Monday, November 17, 2008

To Prevent Bubbles, Restrain the Fed -

In another article bemoaning the Fed, the WSJ reports some amazing statistics:

To Prevent Bubbles, Restrain the Fed -

First on the performance of the stock market:
"On Nov. 14, 2008, the Dow Jones Industrial Average closed at 8497.31. On Nov. 13, 1998, the adjusted (for dividends and split) close was 8919.59. There has been great volatility, but no net capital accumulation as measured by the Dow in a decade. Other indexes, such as the Nasdaq, tell a similar story. Capital has been invested but as much value has been destroyed as created."
Then on the relative size of the subprime market:
"In 2001, there was $190 billion worth of subprime loan originations -- 8.6% of total mortgage originations. In 2005, there was $625 billion worth of subprime originations -- 20% of the total. In the same period, the percentage of subprime mortgages securitized -- loans that were packaged and sold to investors -- rose from just about 50% to a little more than 81%. (These numbers all trailed off slightly in 2006.) The great easing in monetary policy ended (with a lag) when the Fed began raising rates in June 2004.

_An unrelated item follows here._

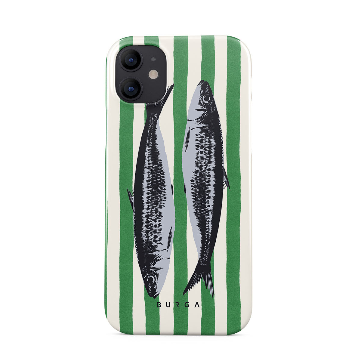 Este design contém:Sardinhas, riscas verdes, motivos oceânicos.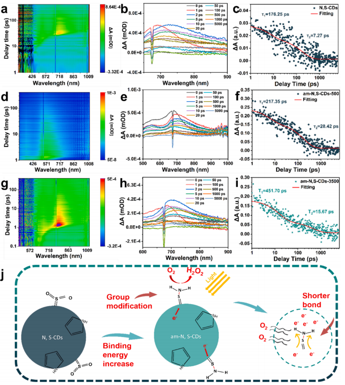 图1. (a, b) N, S-CDs的飞秒瞬态吸收光谱。(d, e) am-N, S-CDs-500。(g,h)am-N,S-CDs-3500。(c) N, S-CDs,(f) am-N, S-CDs-500和(i) am-N, S-CDs-3500的归一化瞬态吸收光谱的时间曲线。(j) am-N, S-CDs在光催化生成H2O2过程中的氨基修饰示意图。

The subprime saga follows a familiar pattern. Easy credit begets a boom and then the inevitable tightening of credit bursts the bubble. What is not familiar is the scale of the devastation wrought in this boom-bust cycle."
To prevent this boom-bust cycle,the author (Gerald P O'Driscoll Jr.) calls for a return to some commodity standard. A view that I do not really hold, but can see why there are more calling for it and given evidence, I may not disagree with it as much as I would have a few years ago.
"Mr. Obama needs to stop the next asset bubble from being inflated by imposing a commodity standard on the Fed. A commodity standard (such as a gold standard) imposes discipline on a central bank because it forces it to acquire commodity reserves in order to increase the money supply. Today the government can inflate asset bubbles without paying a cost for it because the currency isn't linked to the price of a commodity."